Sono state depositate lo scorso 21 luglio circa 200 pagine che hanno ricostruito i fatti dalle prime indagini fino al rinvenimento del corpo di Lidia. Si rimette ora in discussione un giudizio che vede Binda in carcere a Busto Arsizio da due anni e mezzo, non senza supporto morale ed economico da parte di amici e membri dell’associazione culturale “Magre sponde”, di cui ne era parte attiva ed organizzativa.

I legali di Binda, Patrizia Esposito e Sergio Martelli, fanno leva sulla fatidica questione. Cosa ci faceva Stefano Binda nel parcheggio fuori dall’ospedale di Cittiglio la sera del 5 gennaio 1987? Secondo le motivazioni della sentenza Binda si trovava nei pressi del parcheggio dell’ospedale perché voleva acquistare della droga e si era recato davanti al SERT (SERvizi per le Tossicodipendenze) di Cittiglio.

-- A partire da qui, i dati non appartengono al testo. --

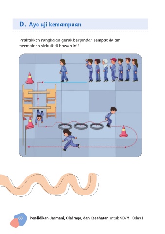 D. Ayo uji kemampuan Praktikkan rangkaian gerak berpindah tempat dalam permainan sirkuit di bawah ini! 68 Pendidikan Jasmani, Olahraga, dan Kesehatan untuk SD/MI Kelas I

Ma la Esposito spiega: “Peccato che lì, nel 1987, il SERT non c’era”; non c’era perché è stato istituito con la legge 162 del 1990. Inoltre, il trasferimento del servizio di sostegno ai tossicodipendenti in via Marconi 40 avvenne solo nel 1997, cioè esattamente dieci anni dopo i fatti; negli anni ’80, il servizio tossicodipendenze era presente a Cittiglio, ma in un’altra parte dell’ospedale.